PROBLEM DESCRIPTION — What you write must match the records exactly, except for the images, which are left out.

THE DATA —
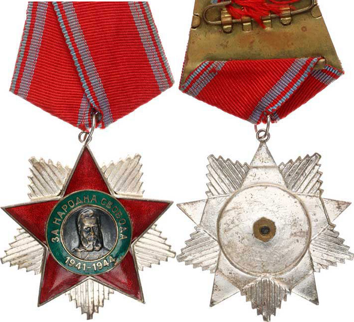 Řád "Za národní svobodu 1941-1944" hvězda - červený a zelený smalt II. třída stuha na kolodce
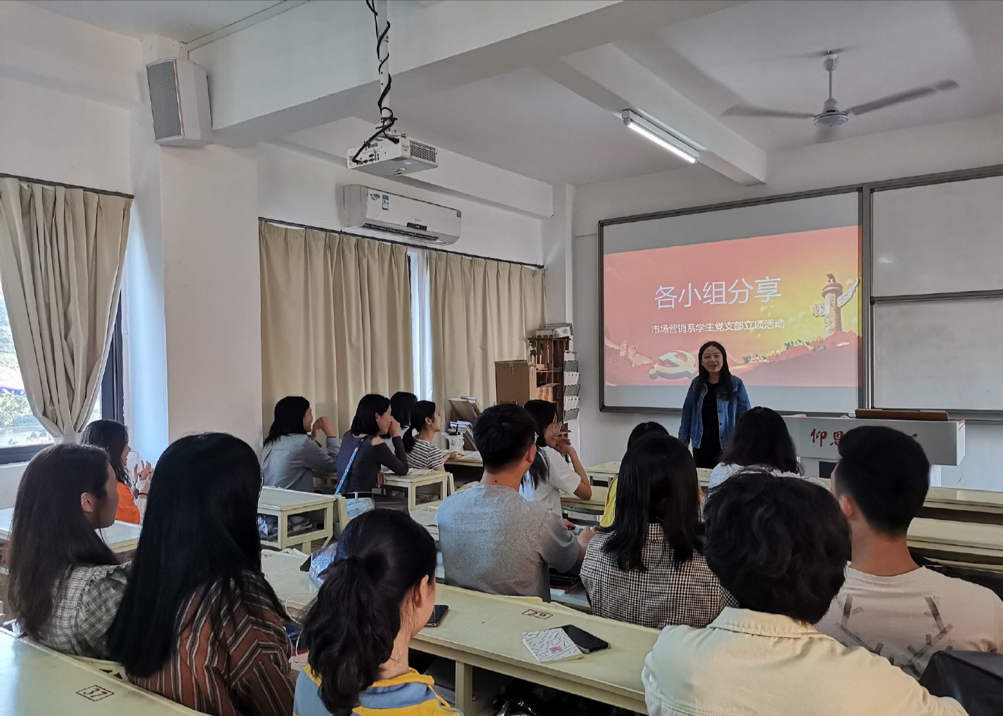 10月17日下午,市场营销系学生党支部于吉龙楼304开展了“舞动中国”活动总结分享会。参加本次活动的有市场营销系学生党支部全体党员,活动由陈小丹同志主持。
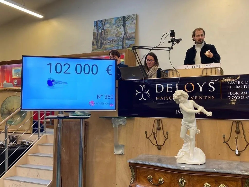 Une bague en platine ornée d’un saphir, trouvée « au milieu de bijoux ordinaires » dans une maison au nord d’Angers (Maine-et-Loire), a été adjugée pour 102 000 €, ce jeudi 21 novembre, lors d’une vente au sein de la maison Deloys. Soit près de dix fois son estimation.
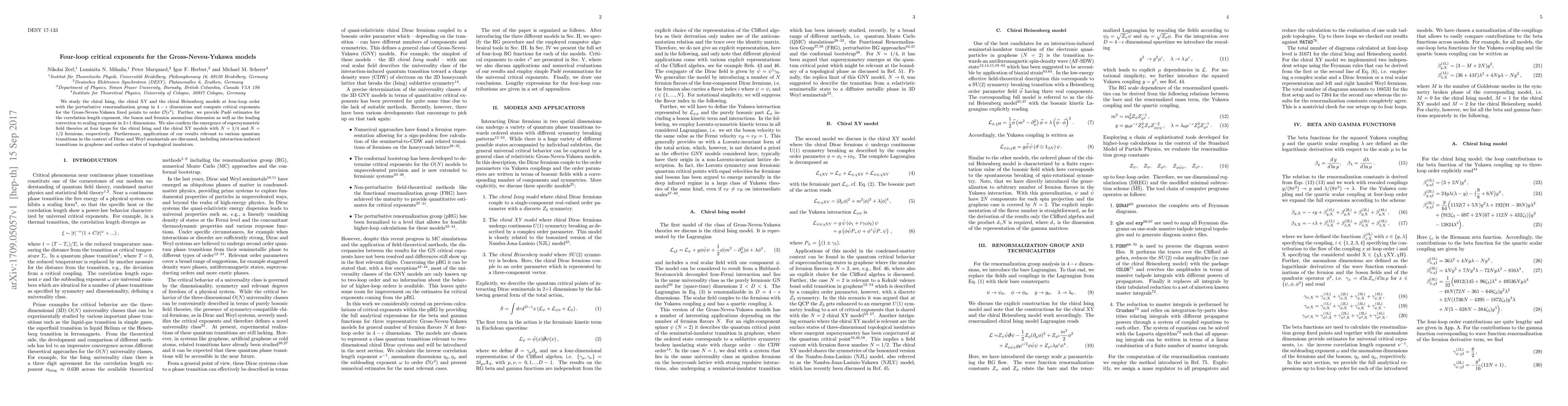 This paper computes four-loop critical exponents for chiral Ising, XY, and Heisenberg models using the perturbative renormalization group, providing detailed critical exponents to $\mathcal{O}(\epsilon^4)$ and Padé estimates for dimensions in 2+1. It also confirms the emergence of supersymmetric field theories at four loops for specific fermionic models and discusses applications to quantum transitions in Dirac and Weyl semimetals.
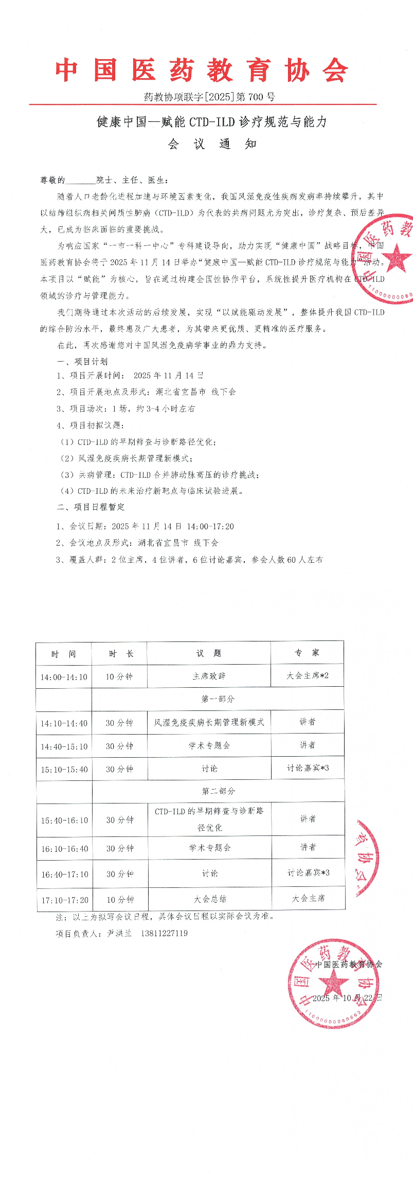 | 药教协项联字【2025】-第700号-健康中国一赋能CTD-ILD诊疗规范与能力会议通知 | |||||
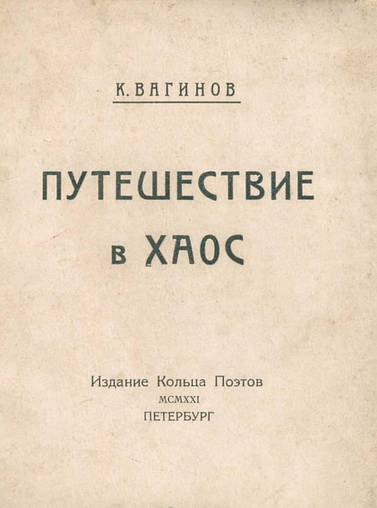 Вагинов, Константин Константинович. Путешествие в хаос / К. Вагинов. — Петербург : изд. «Кольца поэтов», 1921.
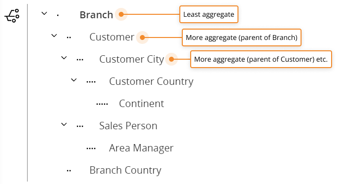 The following illustration shows the "Customer" hierarchy described above, with its three parallel branches.
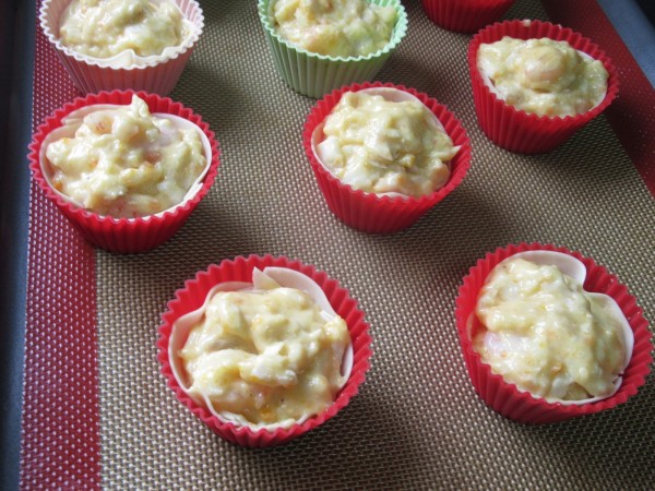 5- Precalentar el horno a 200º. Acomodar las obleas en las tartaletas, metidas en moldes, rellenar, espolvorear queso rallado y hornear hasta que quiera tomar un poco de color. Como 10-15 minutos.
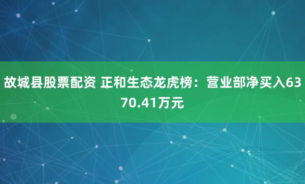 正和生态(605069)今日下跌1.01%,全天换手率38.74%,成交额4.72亿元,振幅14.45%。龙虎榜数据显示,营业部席位合计净买入6370.41万元...
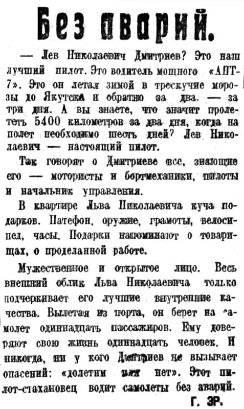 — Лев Николаевич Дмитриев? Это наш лучший пилот. Это водитель мощного «АНТ-7». Это он летал зимой в трескучие морозы до Якутска и обратно за два — за три дня. А вы знаете, что значит пролететь 5400 километров за два дня, когда на полет необходимо шесть дней? Лев Николаевич — настоящий пилот.
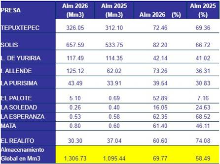 Guanajuato, Gto a 13 de abril de 2026.- De acuerdo con el reporte hidrometeorológico de la Secretaría del Agua y Medio Ambiente (SAMA), las principales presas de la entidad presentan un porcentaje promedio de almacenamiento 69.8 por ciento, al registrar 1306.7 millones de metros cúbicos.
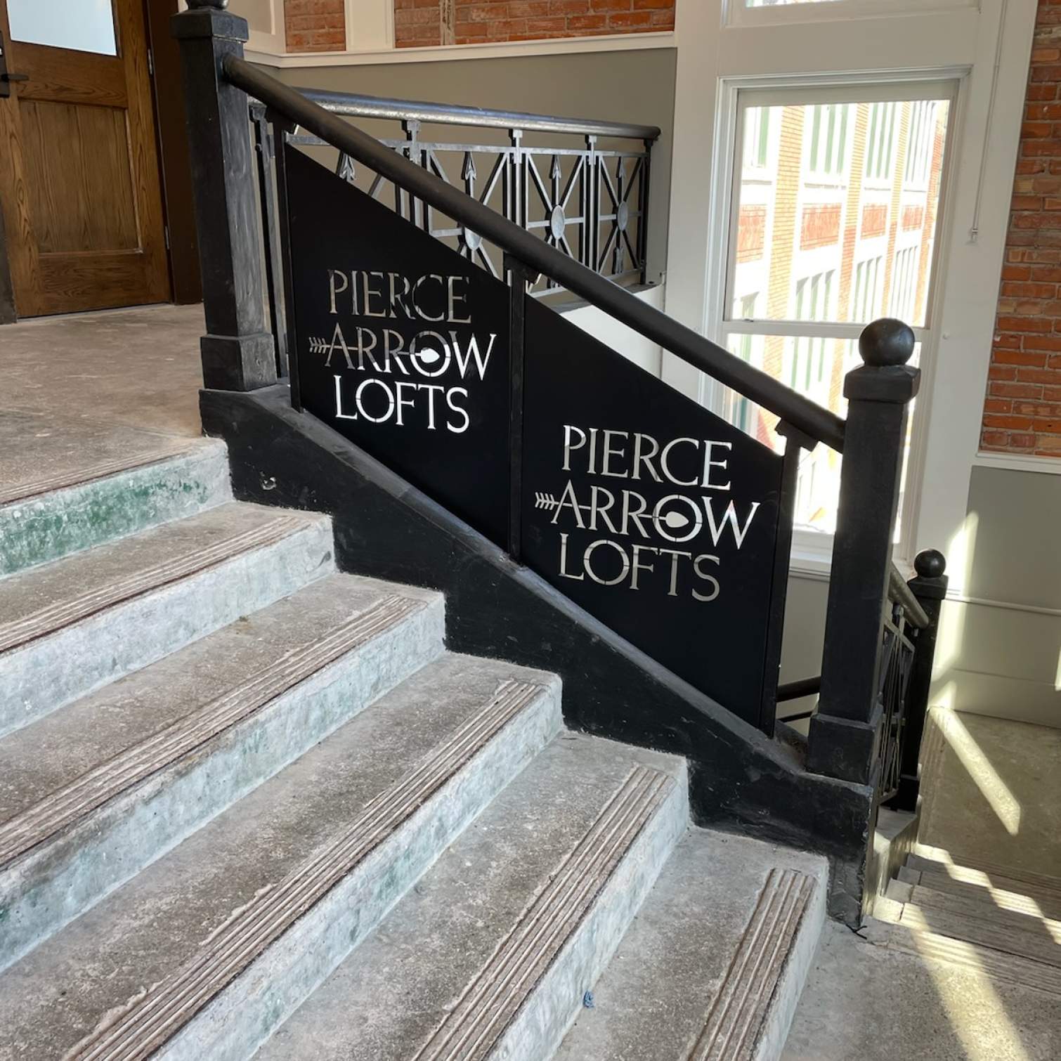 Our Customer at the Pierce Arrow Loft building requested we made these laser cut panels with the building logo throughout the stairwells along with wall panels at the entry way. These were then powder coated satin black.

PROBLEM SOLUTION —
 Řád "Za národní svobodu 1941-1944" hvězda - červený a zelený smalt II. třída stuha na kolodce
 10月17日下午,市场营销系学生党支部于吉龙楼304开展了“舞动中国”活动总结分享会。参加本次活动的有市场营销系学生党支部全体党员,活动由陈小丹同志主持。
 Une bague en platine ornée d’un saphir, trouvée « au milieu de bijoux ordinaires » dans une maison au nord d’Angers (Maine-et-Loire), a été adjugée pour 102 000 €, ce jeudi 21 novembre, lors d’une vente au sein de la maison Deloys. Soit près de dix fois son estimation.
 This paper computes four-loop critical exponents for chiral Ising, XY, and Heisenberg models using the perturbative renormalization group, providing detailed critical exponents to $\mathcal{O}(\epsilon^4)$ and Padé estimates for dimensions in 2+1. It also confirms the emergence of supersymmetric field theories at four loops for specific fermionic models and discusses applications to quantum transitions in Dirac and Weyl semimetals.
 | 药教协项联字【2025】-第700号-健康中国一赋能CTD-ILD诊疗规范与能力会议通知 | |||||
 Вагинов, Константин Константинович. Путешествие в хаос / К. Вагинов. — Петербург : изд. «Кольца поэтов», 1921.
 The following illustration shows the "Customer" hierarchy described above, with its three parallel branches.
 5- Precalentar el horno a 200º. Acomodar las obleas en las tartaletas, metidas en moldes, rellenar, espolvorear queso rallado y hornear hasta que quiera tomar un poco de color. Como 10-15 minutos.
 正和生态(605069)今日下跌1.01%,全天换手率38.74%,成交额4.72亿元,振幅14.45%。龙虎榜数据显示,营业部席位合计净买入6370.41万元...
 — Лев Николаевич Дмитриев? Это наш лучший пилот. Это водитель мощного «АНТ-7». Это он летал зимой в трескучие морозы до Якутска и обратно за два — за три дня. А вы знаете, что значит пролететь 5400 километров за два дня, когда на полет необходимо шесть дней? Лев Николаевич — настоящий пилот.
 Guanajuato, Gto a 13 de abril de 2026.- De acuerdo con el reporte hidrometeorológico de la Secretaría del Agua y Medio Ambiente (SAMA), las principales presas de la entidad presentan un porcentaje promedio de almacenamiento 69.8 por ciento, al registrar 1306.7 millones de metros cúbicos.
 Our Customer at the Pierce Arrow Loft building requested we made these laser cut panels with the building logo throughout the stairwells along with wall panels at the entry way. These were then powder coated satin black.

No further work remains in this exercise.